**Your assignment**
Can the lines below, from the one that holds "I attached it" to the very end, be echoed exactly, with both ends included and no pictures?

**Collected data**
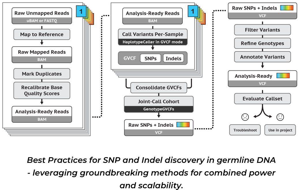 GATK全稱(chēng)是The Genome Analysis Toolkit,是Broad Institute(The Broad Institute, formerly the Broad Institute of MIT and Harvard, evolved from a decade of research collaborations among MIT and Harvard scientists.)開(kāi)發(fā)的用于二代重測序數據分析的一款軟件,里面包含了很多有用的工具,主要注重與變異的查找,基因分型且對于數據質(zhì)量保證高度重視。GATK是目前業(yè)內使用較廣的基因數據變異檢測工具。本次課程基于GATK的Best?Practices,實(shí)現從原始的比對結果開(kāi)始,到最終的高質(zhì)量突變位點(diǎn)的完整信息分析流程。
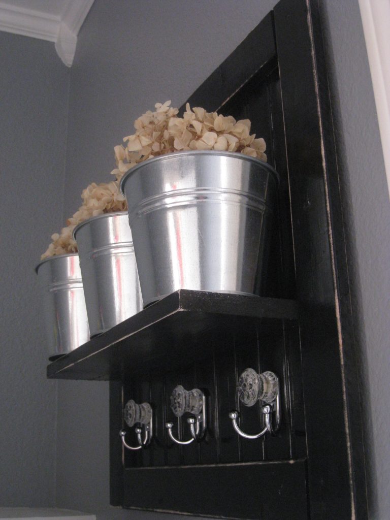 I attached it to the wall, added the metal buckets (purchased at Ikea for $1 each) and filled them with dried hydrangea.
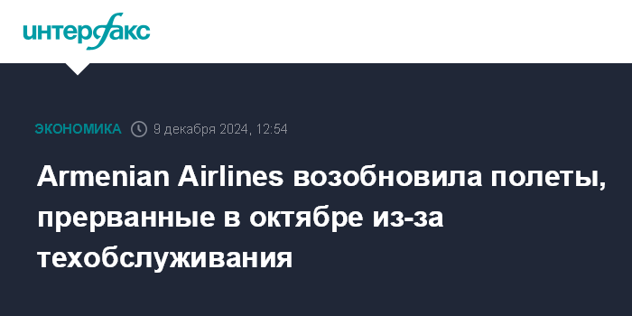 Armenian Аirlines возобновила полеты, прерванные в октябре из-за техобслуживания
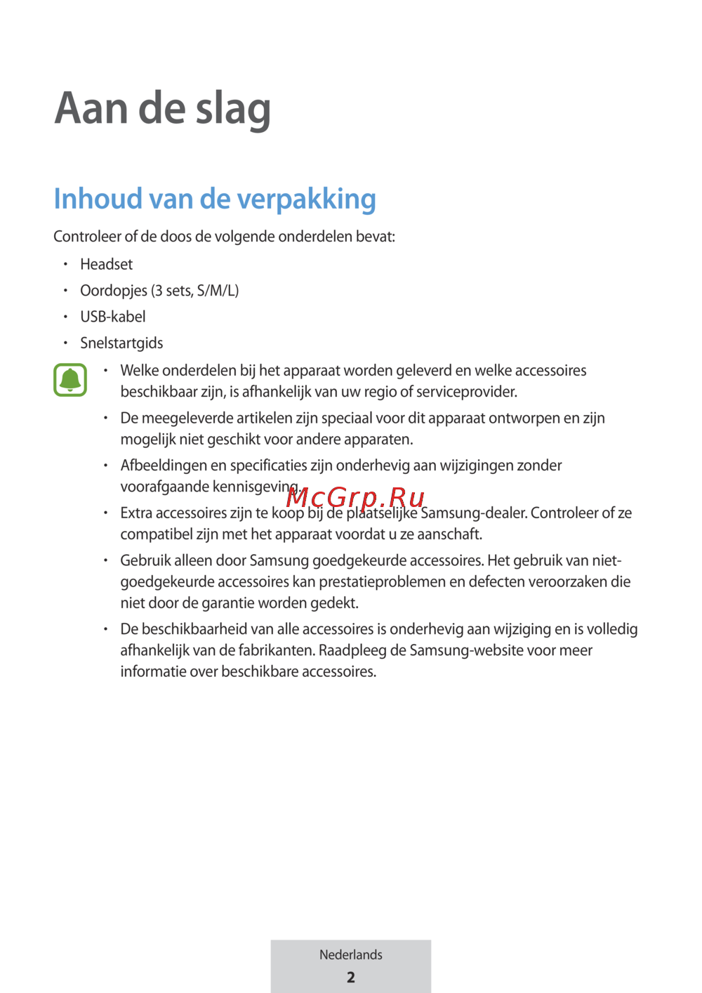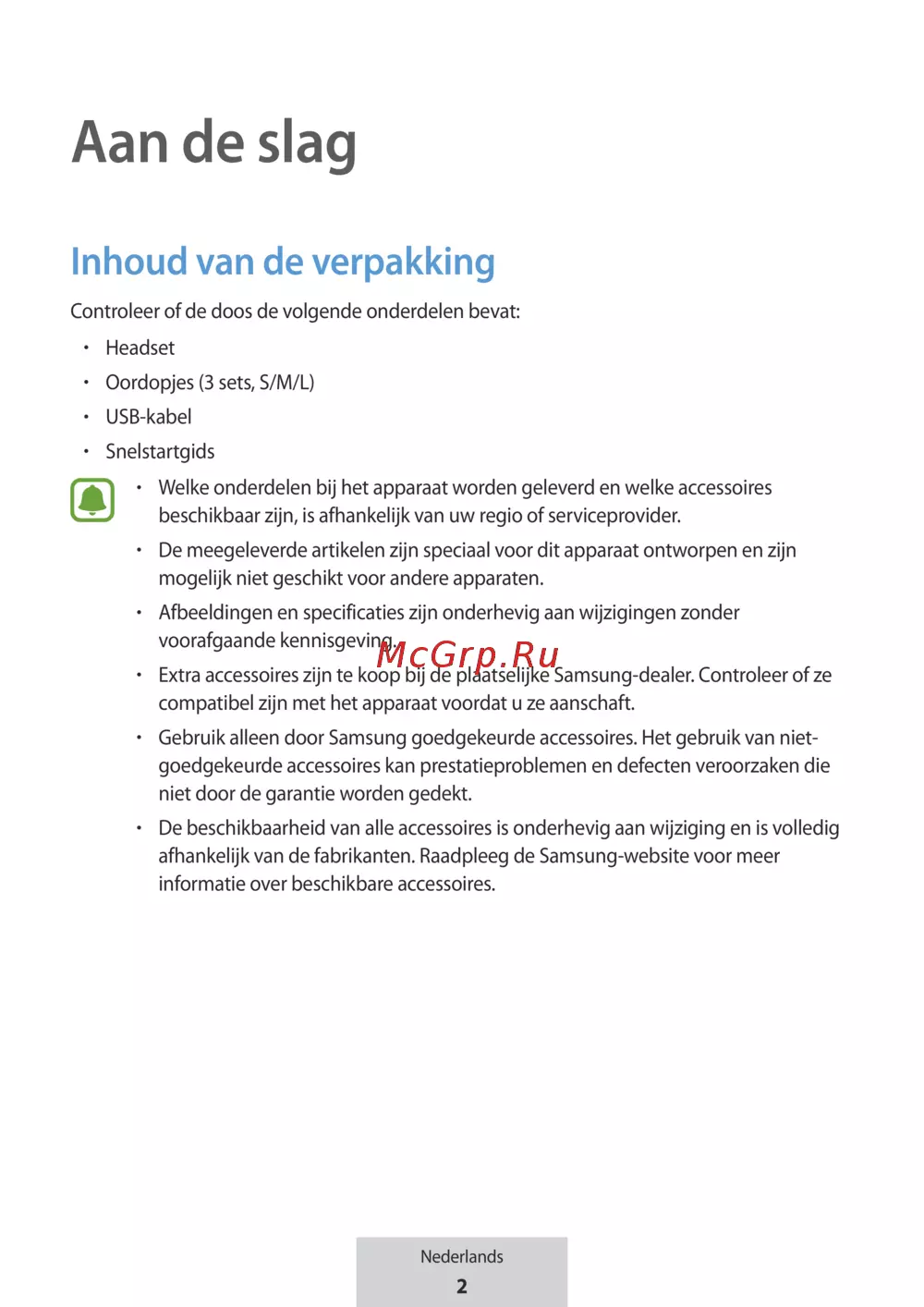 Samsung EO-BG950 U Flex (EO-BG950CWEGRU) [280/674] Inhoud van de verpakking

**Solved exercise**
 I attached it to the wall, added the metal buckets (purchased at Ikea for $1 each) and filled them with dried hydrangea.
 Armenian Аirlines возобновила полеты, прерванные в октябре из-за техобслуживания
 Samsung EO-BG950 U Flex (EO-BG950CWEGRU) [280/674] Inhoud van de verpakking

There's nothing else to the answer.